For background here - we're trying to use Envoy as a far more capable reverse-proxy than NGINX, but are running into a challenge with retry handling logic. The simplest version of our goal here can be described with a use case in which we have only two upstreams, one at priority 0 (the "primary upstream") that should handle all traffic by default, and one at priority 1 (the "backup upstream") who should be used when the priority 0 upstream is unavailable. We can achieve this functionality using active health checks, but would like to avoid that as our sole approach - especially because there's a latency before ill health of the first upstream is detected. An ideal approach here is to retry a wide variety of failed idempotent requests against the backup upstream, and to retry a much narrower set of failed non-idempotent requests as well (pretty much just outright connect failures). In NGINX we can use a proxy_next_upstream directive (http://nginx.org/en/docs/http/ngx_http_proxy_module.html#proxy_next_upstream) to achieve this outcome, since NGINX will simply move on from the failing upstream member to the next available member even if it's a backup member.

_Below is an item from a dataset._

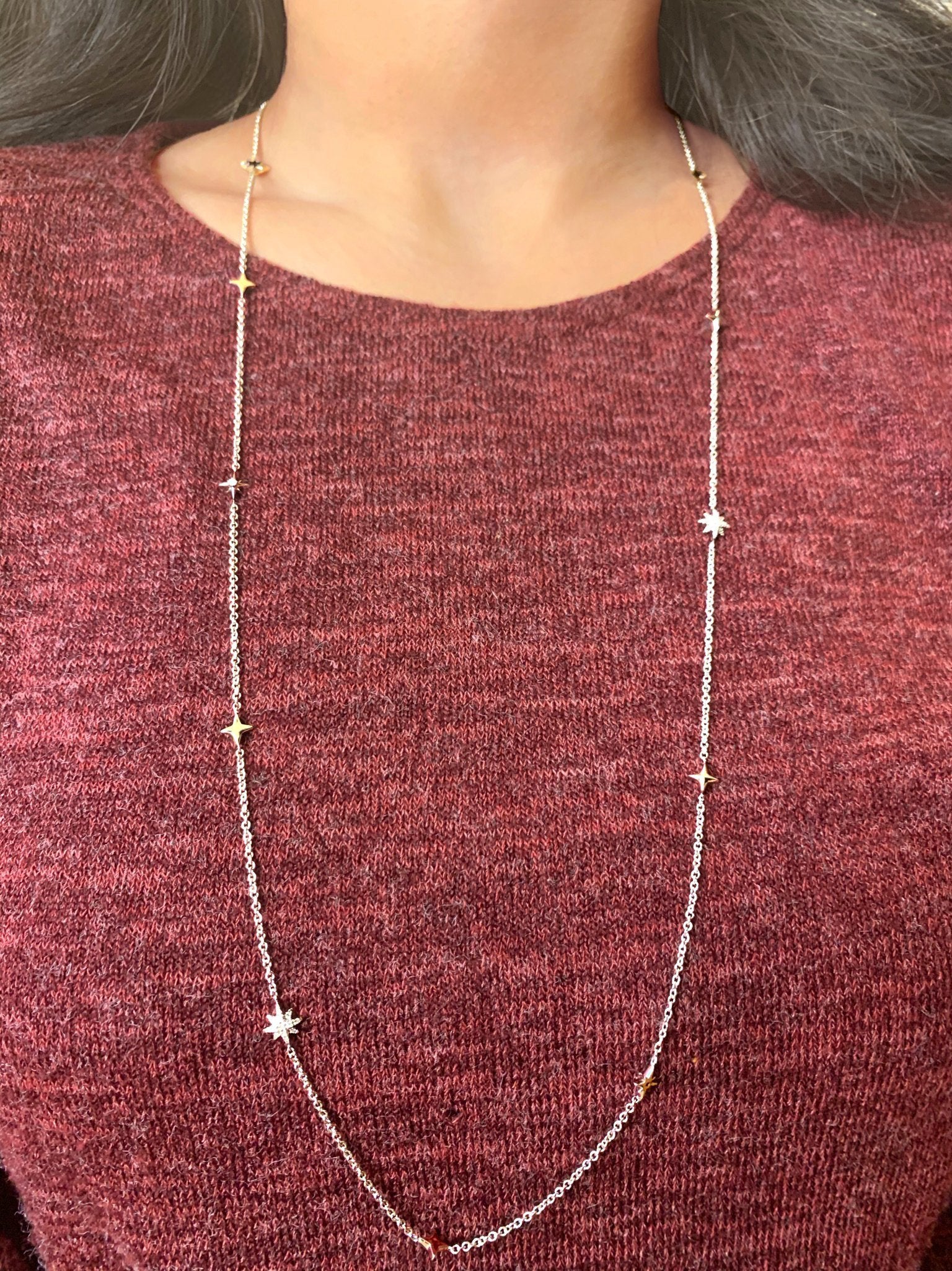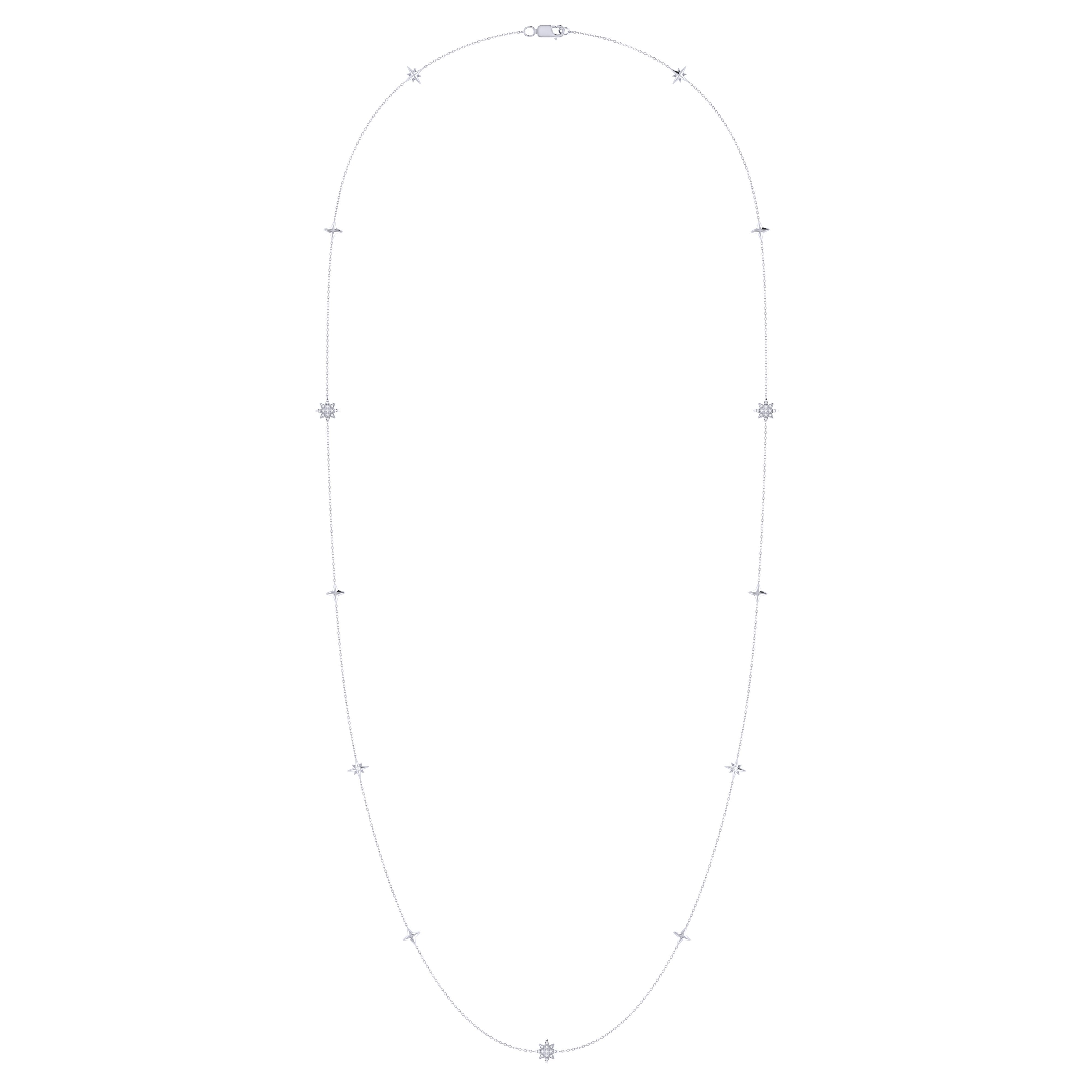 Turn the Earth's beautiful stars into a fashion statement with our Starry Lane Layered Diamond Necklace. Crafted in 14K White Gold, this necklace features 100% natural, genuine diamonds. 0.11 carats of diamonds are used in individual plate prong and collet prong settings. This necklace is 30" long and uses a cable chain with lobster clasp.

In Envoy the first approach I tried was to use the envoy.retry_host_predicates.previous_hosts host predicate in our route's retry policy, to prevent Envoy from simply rerunning the same host selection algorithm and selecting the primary upstream again. However, this leads to failure, with UF and URX response flags confirming that host selection just kept picking the sole priority 0 upstream and the host predicate kept rejecting it.
Given that result I next tried to use the envoy.retry_priorities.previous_priorities priority predicate, planning to dial the update_frequency down to 1 but running into the issue described above. Is there a more elegant way to achieve this outcome?
I can provide more exhaustive YAML config files if it helps, although the behavior should be reasonably clear from the examples above.